Required action: I need the lines from the one holding "ผงชาโฮจิฉะ คือ ชาเขียวคั่วสัญชาติญี่ปุ่น" to the last line of the data below repeated exactly, both included, without pictures.

Information supplied:
--- START ---

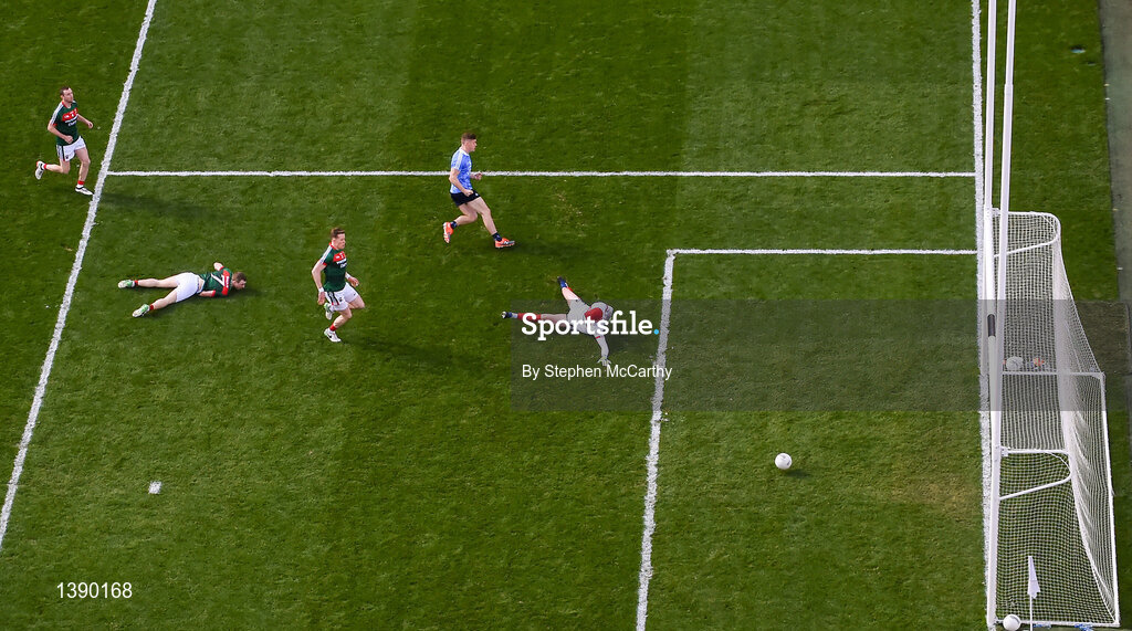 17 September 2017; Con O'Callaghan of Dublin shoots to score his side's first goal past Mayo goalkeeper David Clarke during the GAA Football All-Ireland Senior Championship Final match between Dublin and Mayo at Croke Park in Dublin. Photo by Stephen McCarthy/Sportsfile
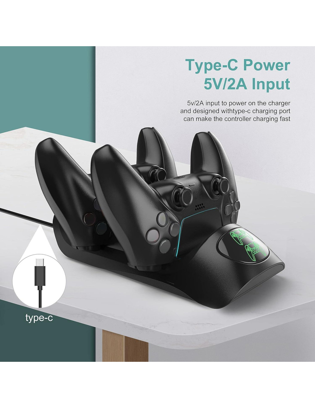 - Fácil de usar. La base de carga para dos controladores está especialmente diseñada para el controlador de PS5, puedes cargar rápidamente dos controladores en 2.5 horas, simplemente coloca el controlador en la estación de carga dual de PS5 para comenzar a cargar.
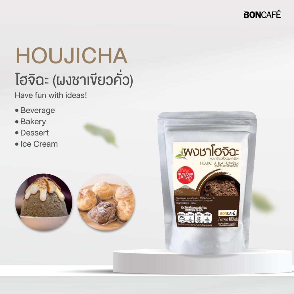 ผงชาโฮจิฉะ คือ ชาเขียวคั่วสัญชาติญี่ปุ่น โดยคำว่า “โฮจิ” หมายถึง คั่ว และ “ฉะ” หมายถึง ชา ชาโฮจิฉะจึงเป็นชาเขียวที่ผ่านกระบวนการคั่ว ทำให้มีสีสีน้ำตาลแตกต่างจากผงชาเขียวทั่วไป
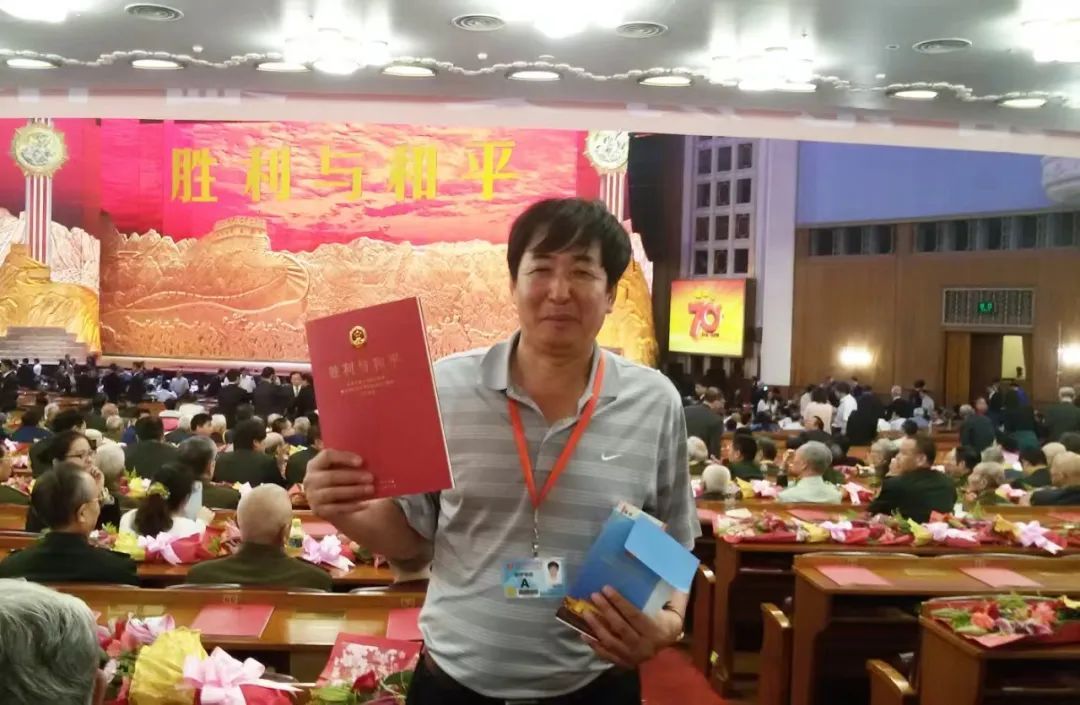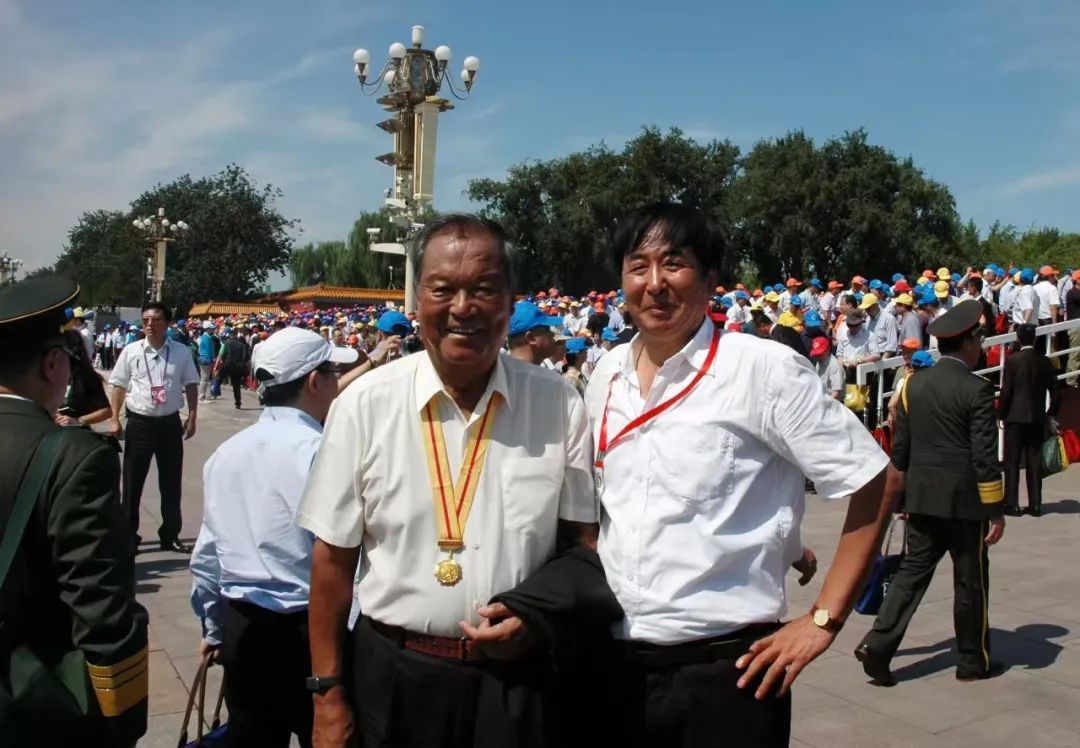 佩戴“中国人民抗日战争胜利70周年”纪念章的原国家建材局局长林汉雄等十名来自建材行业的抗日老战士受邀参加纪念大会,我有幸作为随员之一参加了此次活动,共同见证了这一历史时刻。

--- END ---

Solution to the problem:
 ผงชาโฮจิฉะ คือ ชาเขียวคั่วสัญชาติญี่ปุ่น โดยคำว่า “โฮจิ” หมายถึง คั่ว และ “ฉะ” หมายถึง ชา ชาโฮจิฉะจึงเป็นชาเขียวที่ผ่านกระบวนการคั่ว ทำให้มีสีสีน้ำตาลแตกต่างจากผงชาเขียวทั่วไป
 佩戴“中国人民抗日战争胜利70周年”纪念章的原国家建材局局长林汉雄等十名来自建材行业的抗日老战士受邀参加纪念大会,我有幸作为随员之一参加了此次活动,共同见证了这一历史时刻。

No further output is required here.